Я вошел в церковь. Великопостный сумрак окутал меня со всех сторон. Кажется, никого, кроме меня, не было. Сырой и шумный март остановился на пороге, не решаясь сделать несколько шагов вслед за мной. Тут было сухо и тихо, камень чистым холодом делился с единственным посетителем. И единственная свечка ровно горела в тяжеломшандале.
Я принялся молиться. Слова, известные мне вот уже десять лет, зазвучали здесь совсем иначе. Горячее. Чище. Прозрачнее. Покой и твердость постепенно вернулись ко мне.
Зачем я пришел в 1919-й год? В сущности, за тем, чтобы все это продолжало безмятежно существовать, а не кануло в красную бездну. А какое там будет начальство, Бог рассудит.

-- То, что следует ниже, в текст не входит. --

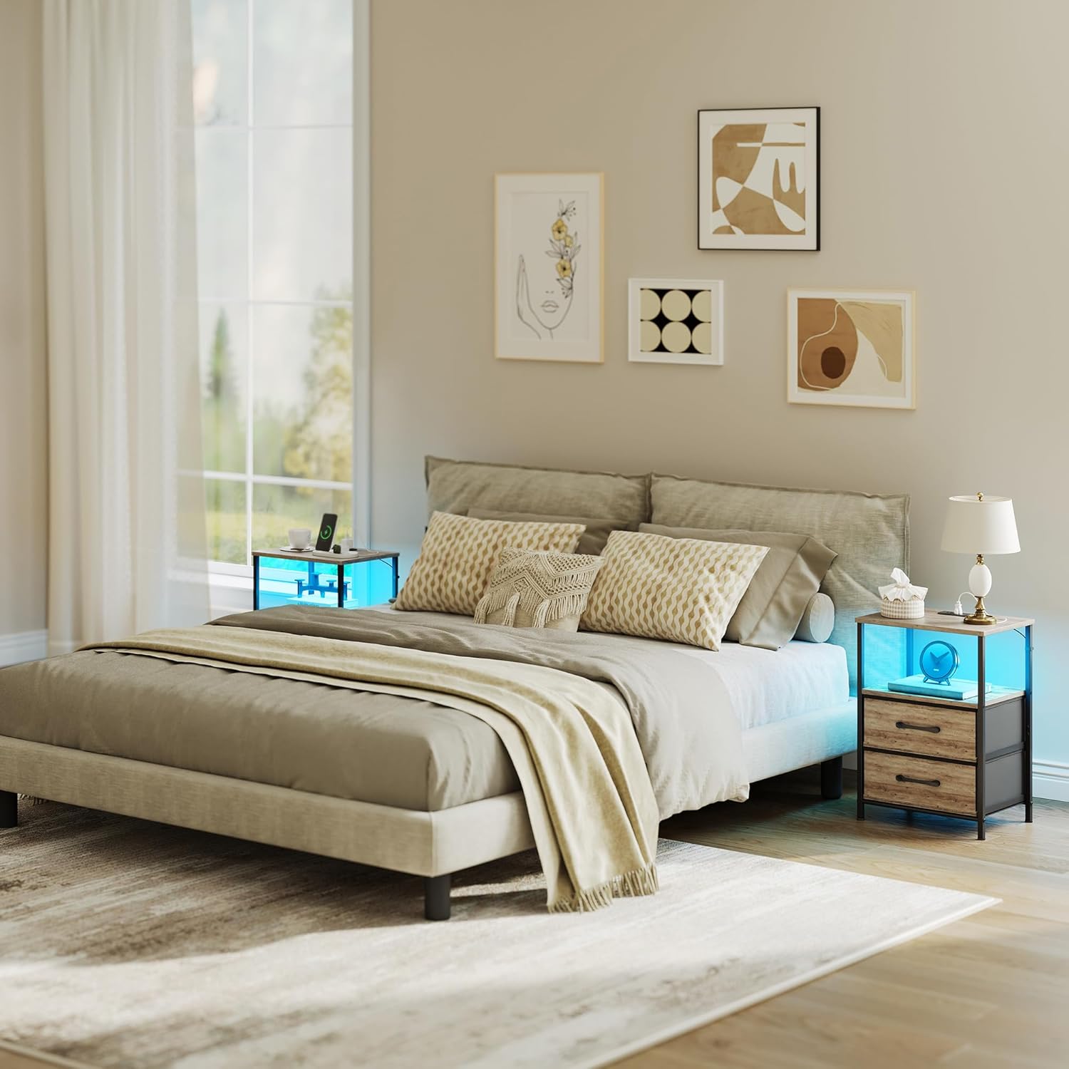 Nightstands Set of 2, Night Stand with Charging Station and Led Lights, Bedside Table with 2 Fabric Drawers for Bedroom, Small Side End Table with Open Shelf, Greige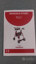 Il rollator 2 presenta due funzioni: sia da ausilio per la deambulazione sia da carrozzina da transito. Costituito da un appoggio per la schiena, maniglione di spinta per accompagnatore, pedane indipendenti e impugnature anatomiche regolabili in altezza con leve per i freni.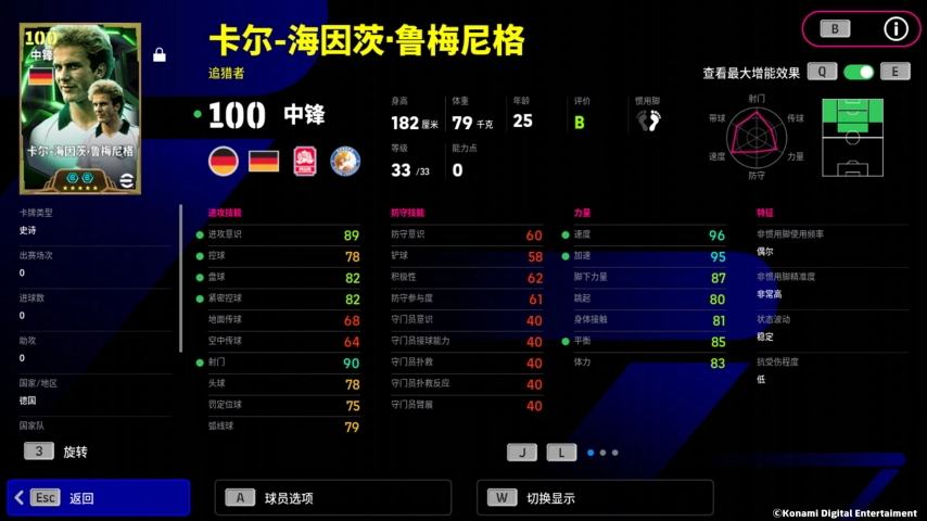 鲁梅尼格自带特殊技能【无定型射门】,即使来球角度不佳,他也能不作调整轰出高质量的射门!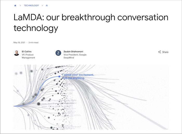 LaMDAはChatGPT同様の対話型AIで、自然な対話ができるように設計されている。当時の他の言語モデルに比べ、40倍ものデータセットを持ち、会話の流れを予測してメッセージを生成する。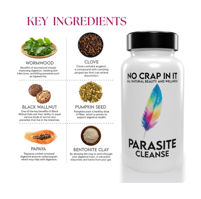 Wormwood, Clove, Black Walnut, Pumpkin Seed, Papaya.
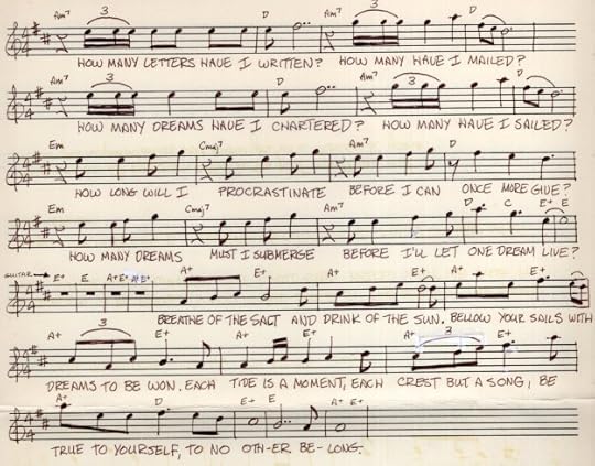 Some time in 1980 I began dating Kathy, who had a fine singing voice and played the piano. We sometimes sang together in my apartment with me on guitar (I didn’t have a piano), my songs or songs by others. At some point we created this song together, words by her, melody and arrangement by me. I have a typed copy of the lyrics from Kathy, and I made this song sheet for us to practice with, more elaborate that anything I usually did, but she could read music, so it made sense to put the notes in for her. I recorded it in my living room in September 1980, and I’m happy with the way it came out. Faith in Dreams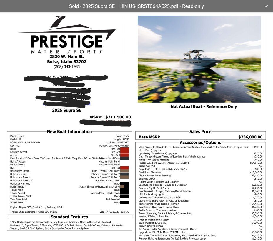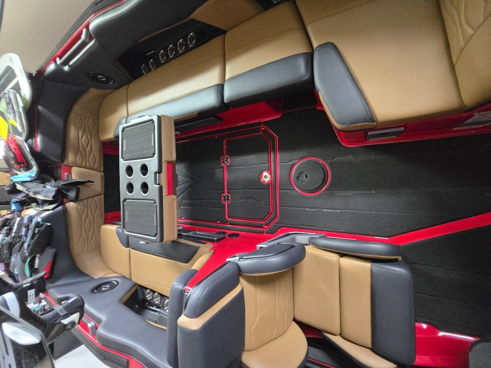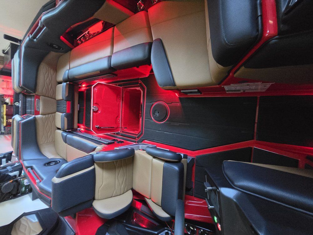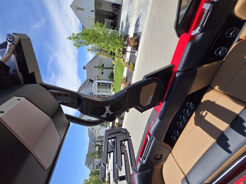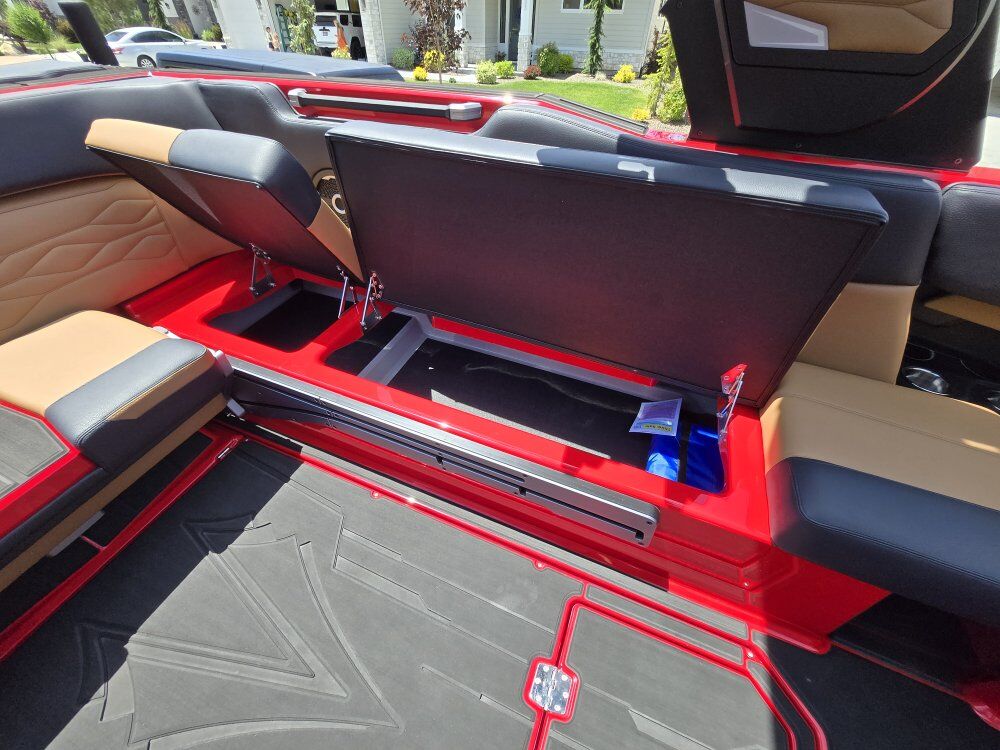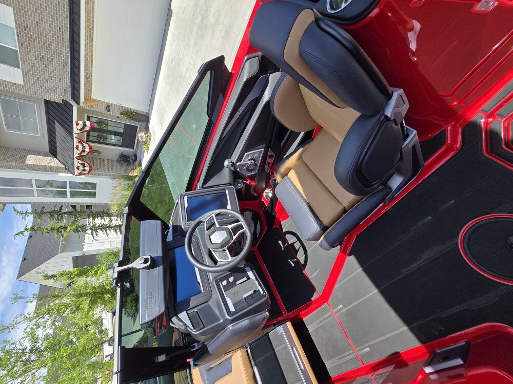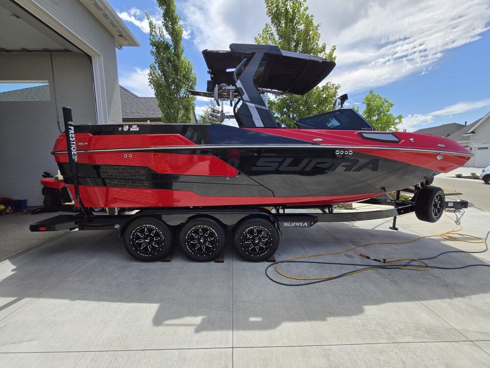 -MSRP $311,500.00 -Fire Red & Black Metallic -Black and Tan Interior w/ -Raptor 575, 6.2L Supercharged -Dual Stern Thrusters -Electric Power Assist Steering -Sundeck Flip Up Seats -4 Outlet Heater -Heated + COOLED Driver and Passenger Seats -Interior Washdown Shower -LED Docking Lights -RGB Lighting + Underwater lights -Power Stepdown Swim Platform -Sliding Rear Bench Seat + Table -Wireless Charging -Power Folding Tower + 4 Speakers + Clamping Board Racks -Power Folding Bimini Upgrade -Transom Remote -Full Cover (Black) -Tinted Windows -Ceramic Coating -Triple Axle Trailer, 18" Wheels + Spare -LED Runway Lighting -Transferrable Manufacturer Warranty

Если бы революция пришлась на шестидесятые или семидесятые годы девятнадцатого века! Наверное, старая Россия развалилось бы скоро и почти безболезненно. Не так страшно и не так кроваво, как оно происходило… происходит сейчас. Тогда, кажется, вся страна верила: новое – значит лучшее; пусть старое будет разрушено ради будущего. Все составлявшее сердцевину общественного устройства утратило цену в глазах образованного класса. Государь не нужен, вера не нужна, вместо нормальной семьи – Вера Павловна и ее квазисупруг… И вдруг из того, что казалось старым, отжившим, неожиданно начало вылупляться совсем не то новое, которого ждали. Посреди скопчества, террора, восточной эзотерики, болтовни эсдеков и прямой бесовщины поднялось и начало крепнуть живое христианское чувство. Фохт, Молешотт, Ницше, Чернышевский, Плеханов и… Васнецовы. И питерский собор на крови. И Абрамцево. И Марфо-Мариинская обитель. То ли Бог давал России последний шанс на долгую добрую старость, и страна, дура, этим шансом не воспользовалась. То ли должна была появиться невиданная культура, русская история пошла бы на новый виток… Война размягчила в России все твердое, что удерживало ее от падения, из войны вырос соблазн революции. А уж революция с религиозным возрождением цацкаться не стала: новое, не новое, будущее, не будущее, виданное, невиданное – не надо ему жить, пусть пожалует в гроб! И неожиданно встретилась с жестоким сопротивлением. Думалось нашим революционерам всех сортов: одна гниль кругом, ткни разок, и свалишь без труда. Появление белого добровольчества не было запланировано никаким социальным учением. Выходит, мусор те учения…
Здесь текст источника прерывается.